Retype, exactly as they appear below, the lines between the line holding "Designs ByLITA Shoplifting" and the line holding "Quadri rotondi Pesce minimalismo", both ends included.

-------- SUPPLIED RECORDS --------

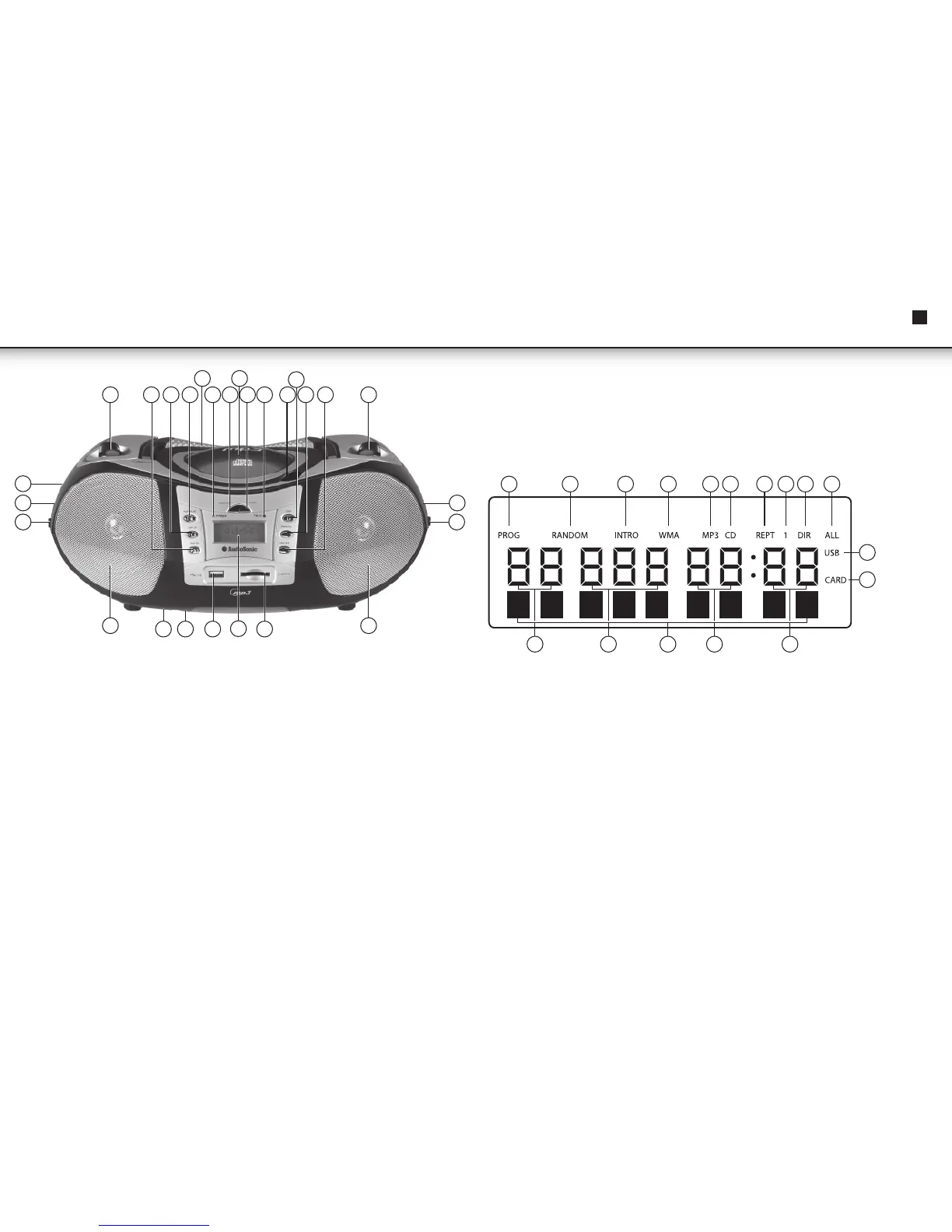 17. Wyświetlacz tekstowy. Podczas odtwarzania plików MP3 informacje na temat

--------
-------- SUPPLIED RECORDS --------

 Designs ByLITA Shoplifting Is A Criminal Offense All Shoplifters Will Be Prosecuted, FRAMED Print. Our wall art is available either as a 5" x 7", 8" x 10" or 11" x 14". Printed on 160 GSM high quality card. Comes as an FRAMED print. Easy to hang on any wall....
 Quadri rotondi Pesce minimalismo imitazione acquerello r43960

--------

SOLUTION TO THIS EXERCISE
 Designs ByLITA Shoplifting Is A Criminal Offense All Shoplifters Will Be Prosecuted, FRAMED Print. Our wall art is available either as a 5" x 7", 8" x 10" or 11" x 14". Printed on 160 GSM high quality card. Comes as an FRAMED print. Easy to hang on any wall....
 Quadri rotondi Pesce minimalismo imitazione acquerello r43960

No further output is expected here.